The extra latency and computational costs of the full TLS handshake impose a serious performance penalty on all applications that require secure communication. To help mitigate some of the costs, TLS provides an ability to resume or share the same negotiated secret key data between multiple connections.

Session Identifiers 

The first Session Identifiers (RFC 5246) resumption mechanism was introduced in SSL 2.0, which allowed the server to create and send a 32-byte session identifier as part of its "ServerHello" message during the full TLS negotiation which we discuss in TLS Handshake. 
Internally, the server could then maintain a cache of session IDs and the negotiated session parameters for each peer. In turn, the client could then also store the session ID information and include the ID in the "ClientHello" message for a subsequent session, which serves as an indication to the server that the client still remembers the negotiated cipher suite and keys from previous handshake and is able to reuse them. Assuming both the client and the server are able to find the shared session ID parameters in their respective caches, then an abbreviated handshake can take place. Otherwise, a full new session negotiation is required, which will generate a new session ID.

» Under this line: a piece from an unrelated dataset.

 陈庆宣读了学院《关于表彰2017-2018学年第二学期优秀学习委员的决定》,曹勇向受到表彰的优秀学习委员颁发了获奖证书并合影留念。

Leveraging session identifiers allows us to remove a full roundtrip, as well as the overhead of public key cryptography, which is used to negotiate the shared secret key. This allows a secure connection to be established quickly and with no loss of security, since we are reusing the previously negotiated session data.

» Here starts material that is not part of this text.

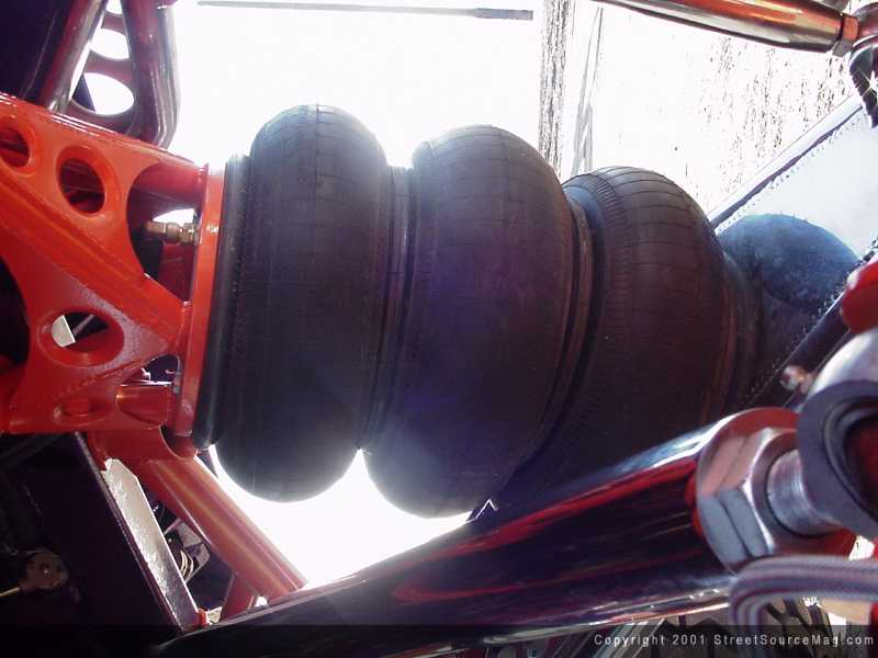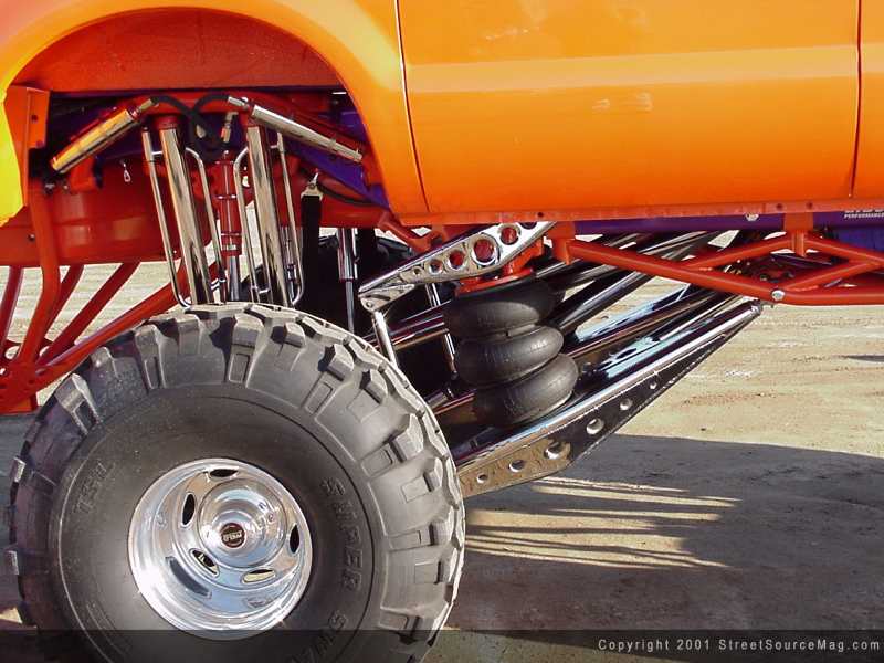 Now that the basics were out of the way, it was time to introduce a new idea to the 4x4 scene. For starters, a custom 2-½" four link along with 1 ¼" QA1 heims joints with Meziere misalignment spacers and clevises were fabricated and installed. Providing less movement, an array of Energy Suspension orange bushing were installed throughout the entire undercarriage. Air bags mounts were then strategically fabricated, front and rear. Yep, I said bag mounts - provided by Air Ride Technologies. With the bags in place, Ride Pro digital gauges were installed in the cab to keep an eye on air levels at all time.

In practice, most web applications attempt to establish multiple connections to the same host to fetch resources in parallel, which makes session resumption a must-have optimisation to reduce latency and computational costs for both sides.
  Most modern browsers intentionally wait for the first TLS connection to complete before opening new connections to the same server: subsequent TLS connections can reuse the SSL session parameters to avoid the costly handshake.
However, one of the practical limitations of the Session Identifiers mechanism is the requirement for the server to create and maintain a session cache for every client. This results in several problems on the server, which may see tens of thousands or even millions of unique connections every day: consumed memory for every open TLS connection, a requirement for session ID cache and eviction policies, and nontrivial deployment challenges for popular sites with many servers, which should, ideally, use a shared TLS session cache for best performance.

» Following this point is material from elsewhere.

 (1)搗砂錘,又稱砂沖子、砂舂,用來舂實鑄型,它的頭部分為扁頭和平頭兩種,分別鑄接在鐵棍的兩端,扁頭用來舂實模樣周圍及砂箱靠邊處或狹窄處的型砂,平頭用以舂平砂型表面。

 None of the preceding problems are impossible to solve, and many high-traffic sites are using session identifiers successfully today. But for any multiserver deployment, session identifiers will require some careful thinking and systems architecture to ensure a well operating session cache.


Session Tickets

To address this concern for server-side deployment of TLS session caches, the "Session Ticket" (RFC 5077) replacement mechanism was introduced, which removes the requirement for the server to keep per-client session state. Instead, if the client indicated that it supports Session Tickets, in the last exchange of the full TLS handshake, the server can include a New Session Ticket record, which includes all of the session data encrypted with a secret key known only by the server.
This session ticket is then stored by the client and can be included in the SessionTicket extension within theClientHello message of a subsequent session. Thus, all session data is stored only on the client, but the ticket is still safe because it is encrypted with a key known only by the server.
The session identifiers and session ticket mechanisms are respectively commonly referred to as session cachingand stateless resumption mechanisms. The main improvement of stateless resumption is the removal of the server-side session cache, which simplifies deployment by requiring that the client provide the session ticket on every new connection to the server—that is, until the ticket has expired.